A chilling warning on social media is shaking Kenya’s political class. Shared by former MP Ngunjiri Wambugu, the message — penned by a citizen named Maina — warns: “When tribal politics enter a house, it never leaves without painting it red.”
Maina laments a dangerous shift — from an era when tribal bargaining was whispered behind closed doors to today, when senior leaders rally crowds along ethnic lines without hesitation. “Never before in our history have tribal cards been played so boldly in the open,” he writes, singling out the trend of framing political alliances as “cousins” bound by ancestry.
This new brazenness, Maina warns, risks undoing the progress of the 2022 elections, when Kenya briefly saw ethnic voting patterns diluted. High-profile figures like former Deputy President Rigathi Gachagua, with his repeated calls for Kikuyu unity, have become the face of this reversion.
Wambugu, once Gachagua’s ally, says the former DP’s playbook — including his “one man, one shilling” revenue push — is designed to consolidate Mt. Kenya’s six million voters at the expense of national cohesion. Critics accuse him of building a tribal machine, not a unifying movement.
But Maina’s focus is bigger than one man.

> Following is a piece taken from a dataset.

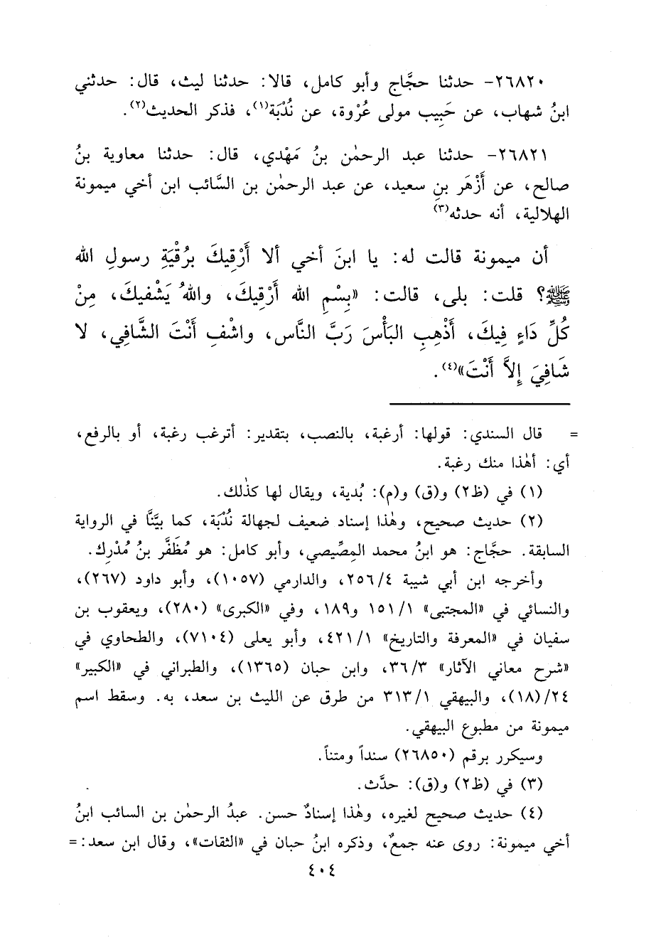 ٢٦٨٢١ - حَدَّثَنَا عَبْدُ الرَّحْمَنِ بْنُ مَهْدِيٍّ، قَالَ: حَدَّثَنَا مُعَاوِيَةُ بْنُ صَالِحٍ، عَنْ أَزْهَرَ بْنِ سَعِيدٍ، عَنْ عَبْدِ الرَّحْمَنِ بْنِ السَّائِبِ، ابْنِ أَخِي مَيْمُونَةَ الْهِلَالِيَّةِ، أَنَّهُ حَدَّثَهُ (٣) أَنَّ مَيْمُونَةَ، قَالَتْ لَهُ: يَا ابْنَ أَخِي، أَلَا أَرْقِيكَ بِرُقْيَةِ رَسُولِ اللهِ صَلَّى اللهُ عَلَيْهِ وَسَلَّمَ؟ قُلْتُ: بَلَى، قَالَتْ: " بِسْمِ اللهِ أَرْقِيكَ، وَاللهُ يَشْفِيكَ، مِنْ كُلِّ دَاءٍ فِيكَ، أَذْهِبِ الْبَاسَ رَبَّ النَّاسِ، وَاشْفِ أَنْتَ الشَّافِي، لَا شَافِيَ إِلَّا أَنْتَ " (٤)

He draws from Kenya’s darkest chapters, warning that tribalism “has never delivered peace,” recalling the 2007 bloodshed that killed over 1,200 and displaced 600,000. “We cannot allow leaders to pet a dangerous animal in our home and then feign surprise when it bites,” he writes, urging Kenyans to reject hate-driven politics through protest and the ballot.
His plea, amplified by Wambugu, is blunt: “In times like these, silence is betrayal.” With two years to go, Maina says the choice is stark — stop this “drunk driver’s” train now, or ride it into the wreckage history has already shown. As 2027 approaches, he warns, tribal politics could once again overshadow the real issues of governance, youth empowerment, and economic recovery.